The client wants a REST API to return:

  • Identify all transactions tagged as fraudulent in the last minute/day/month/year.
  • Identify all transactions tagged as fraudulent for a specific card.
  • Report of transactions for a merchant on a specific day.
  • Roll-up report of transactions by card and year.
  • Search capability to search the entire transaction database by merchant, cc_no, amounts.
  • The ratio of transaction success based on the first 6 digits of their credit card no.
  • The ratio of confirmed transactions against fraudulent transactions in the last minute.
  • A moving ratio of approved transactions per minute, per hour.
  • A count of approved transactions per minute, per hour.

They also want a graphic visualisation - a dashboard - of the data.

Performance SLAs:

- The client wants an assurance that the data model can handle 1,000 transactions a second with stable latencies. The client currently handles accounts for over 15000 merchants and hopes to grow to 50,000 in a year.

Setup

DataStax Enterprise supplies built-in enterprise search functionality on Cassandra data that scales and performs in a way that meets the search requirements of modern Internet Enterprise applications.
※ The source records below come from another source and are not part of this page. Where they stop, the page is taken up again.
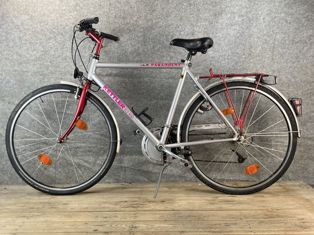 Kettler Alu-Rad Paramount, 28-as kerékméretű, alumínium vázas, Shimano STX 3 x 7 sebességes váltóval, elől-hátul canti fékkel, Shimano Alivio hajtóművel, erősített kerekekkel, sárvédővel, dinamós világítással csomagtartóval szerelt trekking kerékpár.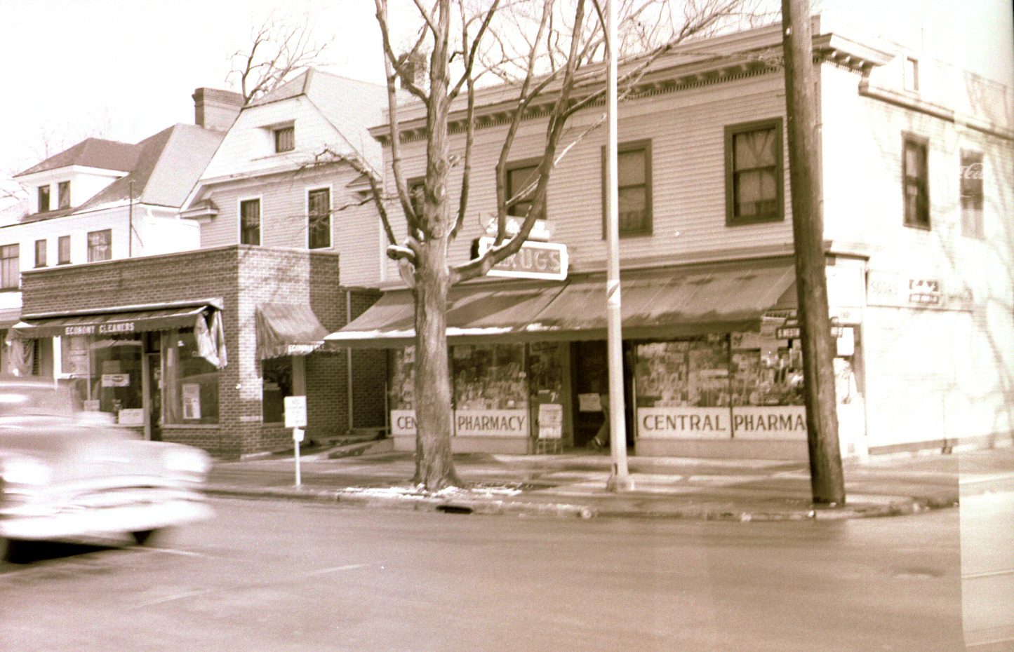 Black and white negative showing the Central Pharmacy located at 819 South Westnedge, on the northeast corner of Ranney and South Westnedge. Next door is the Economy Cleaners Store number one at 817 South Westnedge. This image, which was taken in 1953, is looking northeast with South Westnedge running in the foreground. As of 2004, both of these buildings are still standing however their tennants have since changed.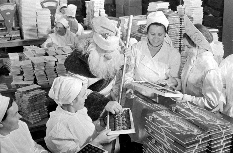 Дед Мороз в гостях на Горьковской шоколадной фабрике. Фото В. Войтенко, 1971 год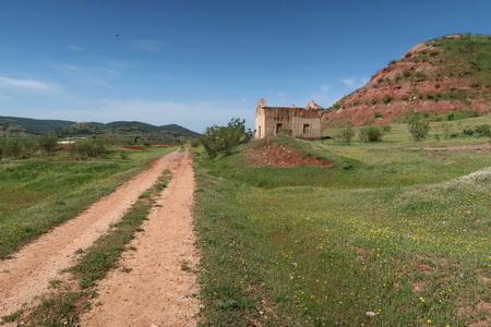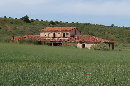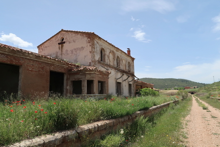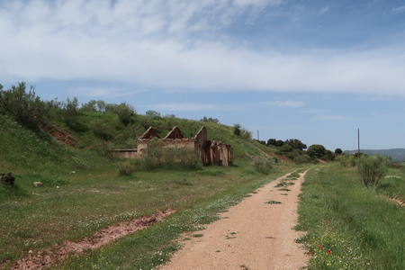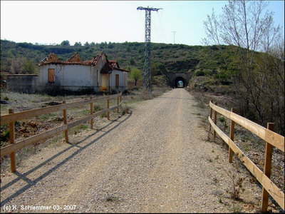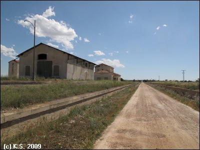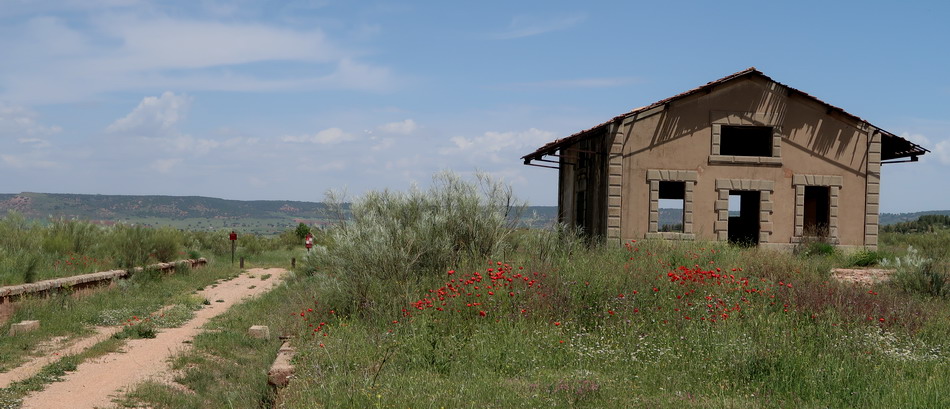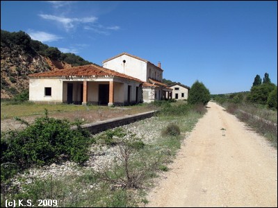 Die Ruine eines Bahnhäuschens (?). Eine breite Trasse in Richtung Villapalacios.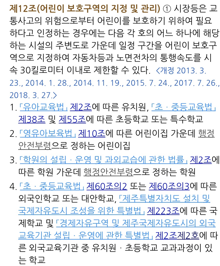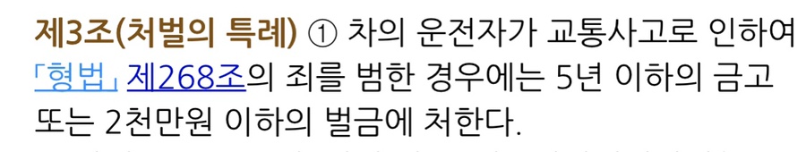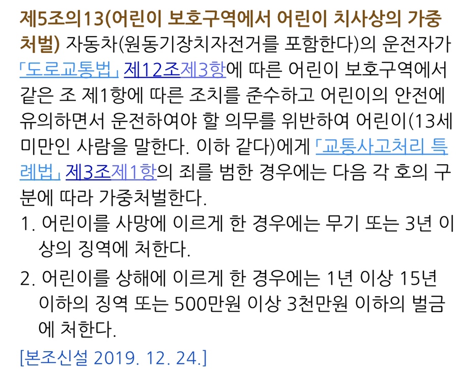 또한, 기존에는 어린이보호구역에서 어린이를 대상으로 발생한 교통사고라고 할지라도 별도의 규정이 없어 일반도로에서 교통사고로 성인을 사상에 이르게 한 경우와 동일하게 '교통사고처리 특례법'이 작용되어 5년 이하의 금고 또는 2,000만 원 이하의 벌금에 처해졌습니다. 그러나 민식이 사건을 계기로 특정범죄가중법은 2019. 12. 24.경 이에 대한 별도의 규정을 두었습니다.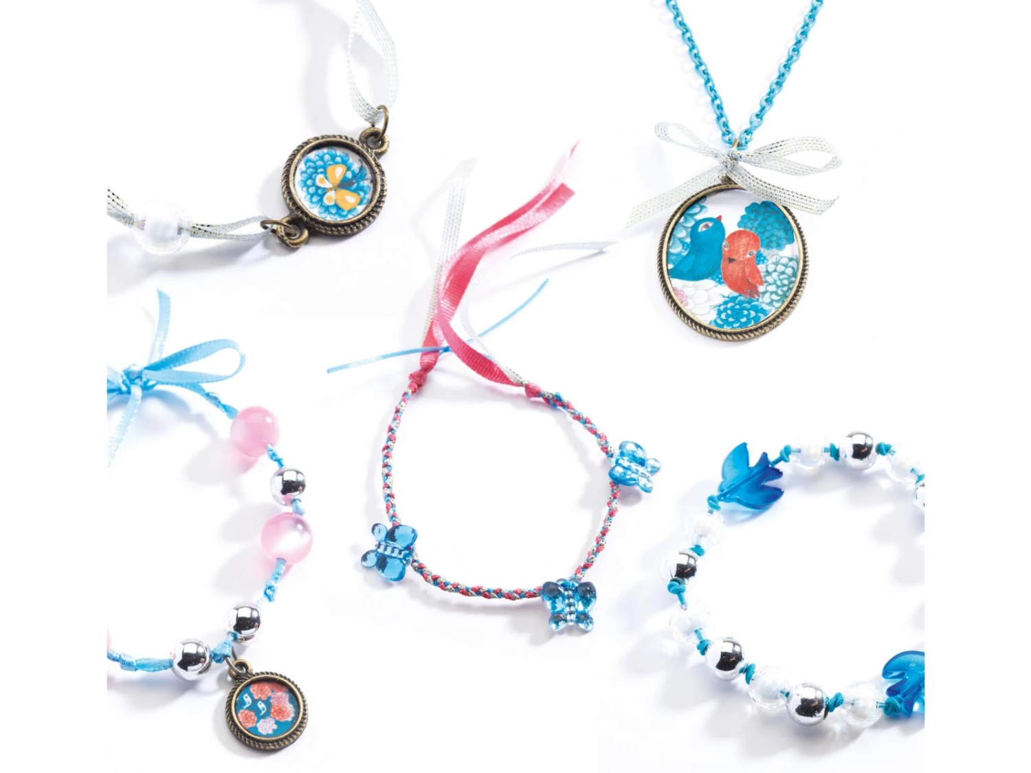 Pour créer de jolis bijoux colorés avec de beaux oiseaux et papillons en combinant les perles et rubans avec les petits accessoires de son choix. Un coffret qui ravira les enfants, pour des créations dont ils seront fiers !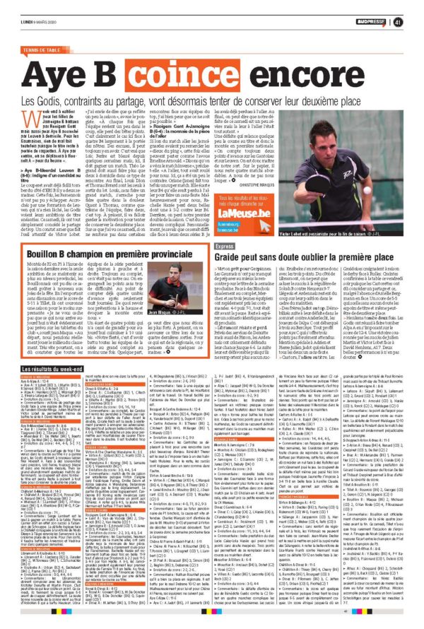 Revue de presse par Gaël Lardot | Mar 10, 2020 | Presse | 0 commentaires Tous les résultats de nos clubs en Nationale, Régionale et Provinciale ici. La Meuse du Luxembourg – 09/03/2020 Poster le commentaire Annuler la réponseVous devez vous connecter pour publier un commentaire.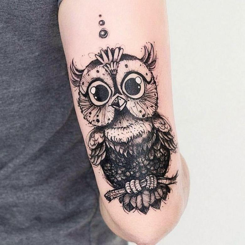 Souvent, dans les contes et légendes anciens, les hiboux sont devenus les compagnons éternels de puissants magiciens et de puissantes sorcières, ce qui joue également un rôle dans le choix d'une image pour le tatouage.

Using this search functionality allows the volume of transactions to grow without a loss in performance. DSE Search also allows for live indexing for improved index throughput, and reduced reader latency.

We will need to start DSE in Analytics and Search mode

  • Analytics to allow us to use the integrated Spark feature, and
  • Search mode to allow us to use the search functionalities that we need on top of Cassandra.

We want to use Search (Solr) and Analytics (Spark) so we need to delete the default datacentre and restart the cluster in SearchAnalytics mode.

Install information

To setup your environment, you'll also need the following resources:

  • Python 2.7
  • Java 8
  • For Red Hat, CentOS and Fedora, install EPEL (Extra Packages for Enterprise Linux).

Your URL's will be:

  • Opscenter => http://[DSE_NODE_IP]:8888/opscenter/index.html
  • Spark Master => http://[DSE_NODE_IP]:7080/
  • Solr admin page => http://[DSE_NODE_IP]:8983/solr/
  • Node.js ReST interface => e.g. http://[DSE_NODE_IP]:3000
  • Visual Dashboard => http://[DSE_NODE_IP]:8983/banana/#/dashboard

(where [DSE_NODE_IP] is the public IP address of your single node DSE installation)

Solr Documentation (Search):

https://docs.datastax.com/en/datastax_enterprise/5.0/datastax_enterprise/srch/searchOverview.html

Spark Documentation (Analytics):

https://docs.datastax.com/en/datastax_enterprise/5.0/datastax_enterprise/ana/analyticsTOC.html

Run DSE in Search Analytics mode

If you havent yet started DSE on this node you can skip to the section "Clone the RTFAP2 repository"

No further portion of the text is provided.